2) que la peine encourue soit supérieure à six ans de prison, à moins que le juge ne considère que les antécédents pénaux de l'inculpé, les circonstances de l'infraction, l'inquiétude qu'elle a provoquée dans la population ou la fréquence de telles infractions ne justifient la détention provisoire, ou que l'inculpé n'ait pas déféré à la convocation du juge alors qu'il n'avait pas de motif légitime pour le faire ;

3) qu'il y ait des indices de culpabilité suffisants.

Inversement, lorsque la peine encourue est supérieure à six ans de prison, le juge peut, moyennant caution, placer l'inculpé en liberté provisoire s'il estime qu'il ne se soustrait pas à la justice et que ni les antécédents pénaux de l'inculpé, ni les circonstances de l'infraction, ni ses conséquences sur la population ne justifient la mise en détention provisoire.
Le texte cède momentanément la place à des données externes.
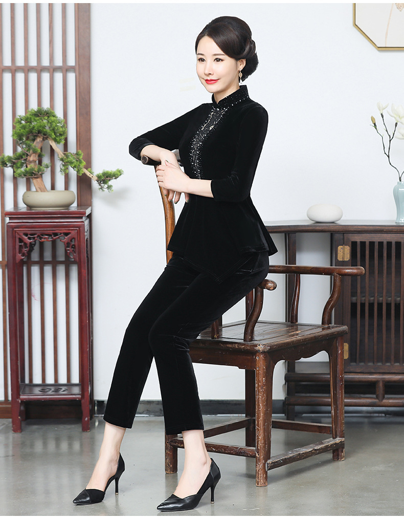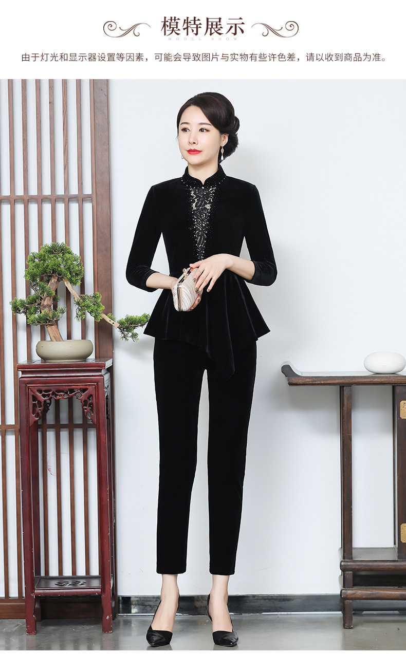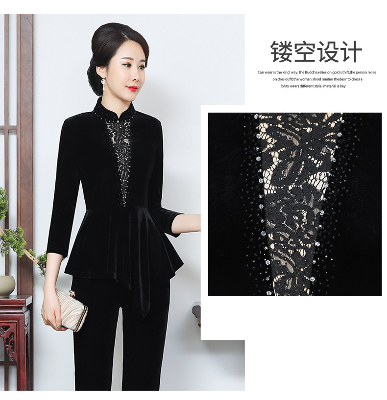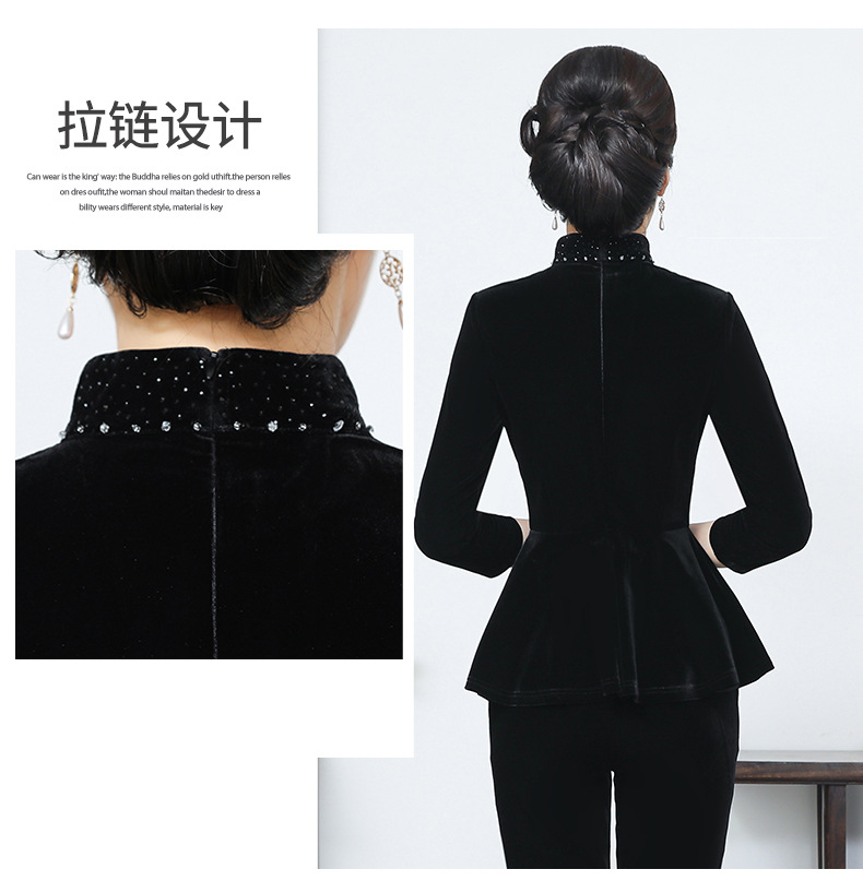 秋季新款女装中年妈妈装金丝绒九分袖上衣YMY-5881

II - LA DUREE DE LA DETENTION PROVISOIRE

De façon générale, l'article 528 du code de procédure pénale prescrit que la détention provisoire prend fin lorsque cessent les motifs qui l'ont justifiée. Il invite également tous les intervenants dans le procès pénal à s'efforcer de limiter autant que possible la durée de la détention provisoire.
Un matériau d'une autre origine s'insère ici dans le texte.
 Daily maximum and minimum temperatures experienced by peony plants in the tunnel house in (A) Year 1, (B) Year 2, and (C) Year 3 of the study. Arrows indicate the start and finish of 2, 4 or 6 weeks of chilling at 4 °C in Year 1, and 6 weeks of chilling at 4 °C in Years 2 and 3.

La détention provisoire ne peut être illimitée que lorsqu'a été déclaré l'état d'exception. Dans tous les autres cas, sa durée est limitée. Elle varie en fonction de la peine encourue selon le tableau suivant :



Peine encourue

Durée maximale de la détention provisoire

Possibilité de prolongation

Jusqu'à 6 mois de prison

3 mois

Non

De 6 mois à 6 ans de prison

1 an

Prolongation d'un an

Plus de 6 ans de prison

2 ans

Prolongation de deux ans

Lorsque la durée maximale de la détention provisoire est écoulée, le détenu est automatiquement remis en liberté. Cependant, la prolongation est possible quand il est prévisible que le procès ne pourra être terminé pendant la durée initialement fixée pour la détention provisoire et que l'inculpé risque de se soustraire à la justice.
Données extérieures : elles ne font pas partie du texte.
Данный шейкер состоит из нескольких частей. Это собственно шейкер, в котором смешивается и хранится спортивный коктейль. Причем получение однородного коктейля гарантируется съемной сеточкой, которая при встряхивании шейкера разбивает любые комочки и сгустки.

La durée de la détention provisoire est indépendante du nombre de délits poursuivis dans le cadre du même procès.

III - LES POSSIBILITES DE RECOURS OFFERTES AU DETENU

L'inculpé peut exercer :

- dans les trois jours suivant la notification de la détention provisoire, un recours de réformation  devant le juge qui a ordonné la mise en détention provisoire, celui-ci devant, dans les soixante-douze heures, ratifier sa décision précédente ou la modifier faute de quoi le détenu est remis en liberté ;

- dans les cinq jours suivant la notification de la détention provisoire, un recours en appel devant l'audience provinciale. L'appel ne peut pas être interjeté si le recours en réformation n'a pas été exercé. L'audience provinciale doit rendre sa décision dans les trois jours, sinon le détenu est remis en liberté.

Par ailleurs, la loi organique 6/1984 du 24 mai 1984 prévoit une procédure d'habeas corpus qui permet à une personne illégalement détenue d'être remise en liberté immédiatement.